AIM OF THE TASK: Check every line of the data below for the word "cover". Copy the ones that have it.

SOURCE INFORMATION:
Start of Block

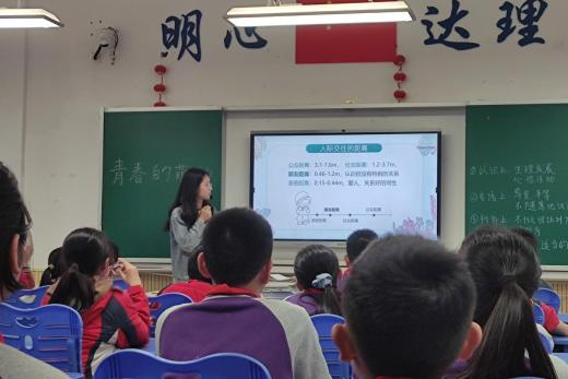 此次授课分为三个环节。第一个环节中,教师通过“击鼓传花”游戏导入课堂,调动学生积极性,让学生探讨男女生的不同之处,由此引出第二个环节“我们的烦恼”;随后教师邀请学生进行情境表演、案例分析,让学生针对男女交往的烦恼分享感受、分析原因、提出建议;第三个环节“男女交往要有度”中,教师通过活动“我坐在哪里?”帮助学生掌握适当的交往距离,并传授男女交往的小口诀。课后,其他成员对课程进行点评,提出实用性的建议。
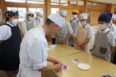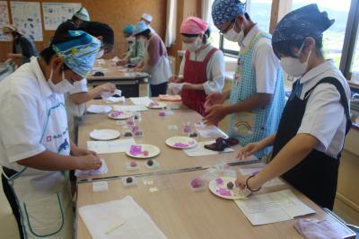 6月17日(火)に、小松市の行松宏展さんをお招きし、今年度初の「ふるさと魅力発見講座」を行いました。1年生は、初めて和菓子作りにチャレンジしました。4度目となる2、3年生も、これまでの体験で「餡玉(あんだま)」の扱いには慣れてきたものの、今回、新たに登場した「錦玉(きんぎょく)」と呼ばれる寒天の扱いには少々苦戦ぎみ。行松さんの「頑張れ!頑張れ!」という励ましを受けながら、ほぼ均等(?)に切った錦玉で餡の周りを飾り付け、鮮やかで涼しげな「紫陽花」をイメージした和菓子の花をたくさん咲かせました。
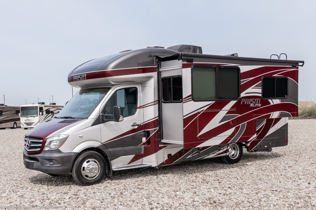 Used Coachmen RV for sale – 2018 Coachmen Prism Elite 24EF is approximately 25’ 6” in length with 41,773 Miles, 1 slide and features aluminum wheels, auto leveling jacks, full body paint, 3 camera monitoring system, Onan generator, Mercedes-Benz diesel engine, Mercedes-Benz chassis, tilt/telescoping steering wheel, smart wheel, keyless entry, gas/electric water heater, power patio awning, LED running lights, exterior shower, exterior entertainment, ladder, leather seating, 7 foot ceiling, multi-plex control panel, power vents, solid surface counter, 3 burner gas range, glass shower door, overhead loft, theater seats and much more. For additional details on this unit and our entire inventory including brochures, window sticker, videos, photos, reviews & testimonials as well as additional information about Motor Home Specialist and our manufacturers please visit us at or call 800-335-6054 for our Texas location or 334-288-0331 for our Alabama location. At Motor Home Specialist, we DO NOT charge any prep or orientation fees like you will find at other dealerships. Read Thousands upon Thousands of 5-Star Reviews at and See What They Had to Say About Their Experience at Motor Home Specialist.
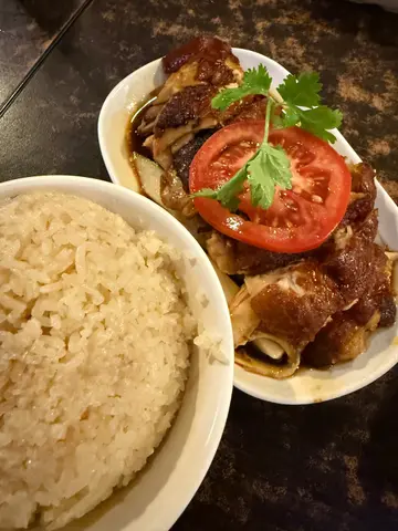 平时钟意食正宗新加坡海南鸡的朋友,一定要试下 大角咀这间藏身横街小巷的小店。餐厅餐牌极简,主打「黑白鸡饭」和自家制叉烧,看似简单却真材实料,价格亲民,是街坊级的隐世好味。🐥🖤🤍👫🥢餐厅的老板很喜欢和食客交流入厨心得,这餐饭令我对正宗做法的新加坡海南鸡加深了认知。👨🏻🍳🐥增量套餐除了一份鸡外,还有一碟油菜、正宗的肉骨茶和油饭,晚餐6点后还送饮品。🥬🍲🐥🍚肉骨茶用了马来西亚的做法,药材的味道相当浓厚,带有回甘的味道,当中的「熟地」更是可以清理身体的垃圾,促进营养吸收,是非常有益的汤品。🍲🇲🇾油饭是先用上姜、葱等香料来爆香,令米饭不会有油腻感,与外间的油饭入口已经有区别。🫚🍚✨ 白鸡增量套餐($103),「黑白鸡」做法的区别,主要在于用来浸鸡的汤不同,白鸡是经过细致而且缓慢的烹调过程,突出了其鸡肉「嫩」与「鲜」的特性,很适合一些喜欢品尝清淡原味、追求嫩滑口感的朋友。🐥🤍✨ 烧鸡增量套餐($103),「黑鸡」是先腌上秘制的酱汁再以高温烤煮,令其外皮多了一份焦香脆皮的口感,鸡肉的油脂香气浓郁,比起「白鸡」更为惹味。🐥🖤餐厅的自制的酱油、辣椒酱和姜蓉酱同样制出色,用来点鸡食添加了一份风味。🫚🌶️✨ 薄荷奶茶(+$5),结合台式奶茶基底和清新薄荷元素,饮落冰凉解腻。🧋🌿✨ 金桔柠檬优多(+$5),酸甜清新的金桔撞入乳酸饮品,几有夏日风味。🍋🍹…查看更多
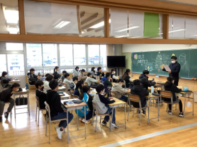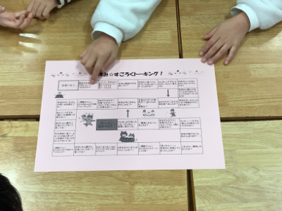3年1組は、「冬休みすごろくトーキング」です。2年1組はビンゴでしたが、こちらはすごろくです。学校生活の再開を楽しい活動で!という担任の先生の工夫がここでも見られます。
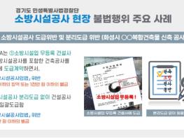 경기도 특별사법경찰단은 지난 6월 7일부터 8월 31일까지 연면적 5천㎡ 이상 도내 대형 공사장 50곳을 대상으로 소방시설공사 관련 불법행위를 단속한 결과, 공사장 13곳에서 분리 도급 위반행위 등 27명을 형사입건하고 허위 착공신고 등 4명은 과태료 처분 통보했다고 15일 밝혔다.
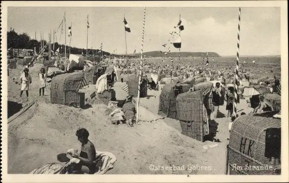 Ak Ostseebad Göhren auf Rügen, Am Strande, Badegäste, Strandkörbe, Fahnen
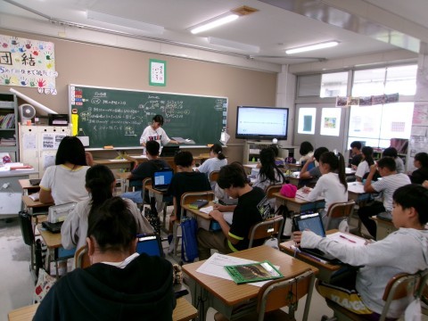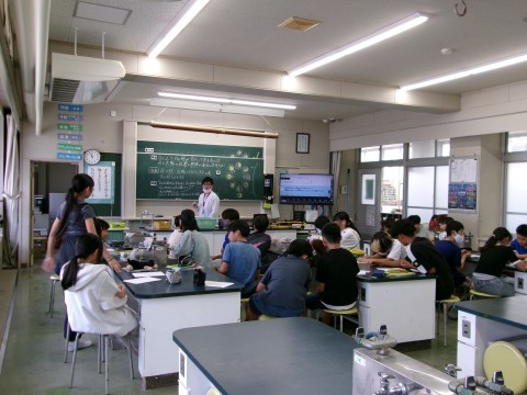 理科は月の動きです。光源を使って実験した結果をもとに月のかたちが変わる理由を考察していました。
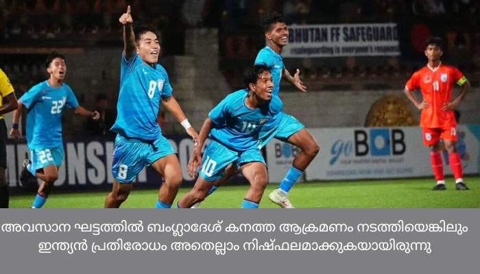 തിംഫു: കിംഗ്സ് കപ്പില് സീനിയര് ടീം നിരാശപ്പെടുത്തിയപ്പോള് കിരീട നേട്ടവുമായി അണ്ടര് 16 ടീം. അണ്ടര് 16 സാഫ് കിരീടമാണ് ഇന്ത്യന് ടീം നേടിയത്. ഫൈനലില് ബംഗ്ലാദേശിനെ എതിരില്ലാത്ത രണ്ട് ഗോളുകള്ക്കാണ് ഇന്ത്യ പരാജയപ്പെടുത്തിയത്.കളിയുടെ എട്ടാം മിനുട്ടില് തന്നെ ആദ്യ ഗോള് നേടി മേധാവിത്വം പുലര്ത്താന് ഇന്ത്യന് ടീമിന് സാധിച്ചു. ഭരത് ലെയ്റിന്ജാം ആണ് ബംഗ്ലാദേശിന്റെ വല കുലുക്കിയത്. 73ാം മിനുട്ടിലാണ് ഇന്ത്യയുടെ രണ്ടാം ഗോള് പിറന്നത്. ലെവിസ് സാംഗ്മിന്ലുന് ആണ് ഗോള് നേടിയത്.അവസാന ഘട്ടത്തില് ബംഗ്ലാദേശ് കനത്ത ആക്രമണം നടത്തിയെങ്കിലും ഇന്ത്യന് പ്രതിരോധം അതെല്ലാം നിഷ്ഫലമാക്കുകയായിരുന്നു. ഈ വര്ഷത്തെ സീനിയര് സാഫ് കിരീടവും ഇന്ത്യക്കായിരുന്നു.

End of Block
Start of Block

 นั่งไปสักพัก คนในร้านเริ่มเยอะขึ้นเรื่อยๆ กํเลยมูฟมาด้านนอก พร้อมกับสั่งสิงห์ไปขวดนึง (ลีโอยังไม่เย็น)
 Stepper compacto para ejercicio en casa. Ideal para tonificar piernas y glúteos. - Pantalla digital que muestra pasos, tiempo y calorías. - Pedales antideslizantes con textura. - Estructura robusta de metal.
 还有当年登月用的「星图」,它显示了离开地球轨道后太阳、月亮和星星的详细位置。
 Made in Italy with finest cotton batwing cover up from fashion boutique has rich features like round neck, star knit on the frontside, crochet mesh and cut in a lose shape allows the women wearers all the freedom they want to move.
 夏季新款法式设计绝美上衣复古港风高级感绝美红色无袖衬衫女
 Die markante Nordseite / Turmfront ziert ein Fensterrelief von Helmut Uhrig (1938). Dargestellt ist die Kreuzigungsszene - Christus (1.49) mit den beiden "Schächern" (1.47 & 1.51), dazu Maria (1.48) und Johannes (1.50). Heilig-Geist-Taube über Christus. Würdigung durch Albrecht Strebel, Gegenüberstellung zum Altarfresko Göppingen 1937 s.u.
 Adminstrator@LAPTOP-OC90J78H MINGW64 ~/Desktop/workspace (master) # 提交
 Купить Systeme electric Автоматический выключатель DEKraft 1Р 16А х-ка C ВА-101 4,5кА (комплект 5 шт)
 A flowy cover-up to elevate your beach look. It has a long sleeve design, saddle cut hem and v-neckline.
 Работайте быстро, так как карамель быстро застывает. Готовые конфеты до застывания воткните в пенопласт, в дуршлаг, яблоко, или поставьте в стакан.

End of Block
Start of Block

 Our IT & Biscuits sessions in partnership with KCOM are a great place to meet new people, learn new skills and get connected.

End of Block

ANSWER BELOW:
 Made in Italy with finest cotton batwing cover up from fashion boutique has rich features like round neck, star knit on the frontside, crochet mesh and cut in a lose shape allows the women wearers all the freedom they want to move.
 A flowy cover-up to elevate your beach look. It has a long sleeve design, saddle cut hem and v-neckline.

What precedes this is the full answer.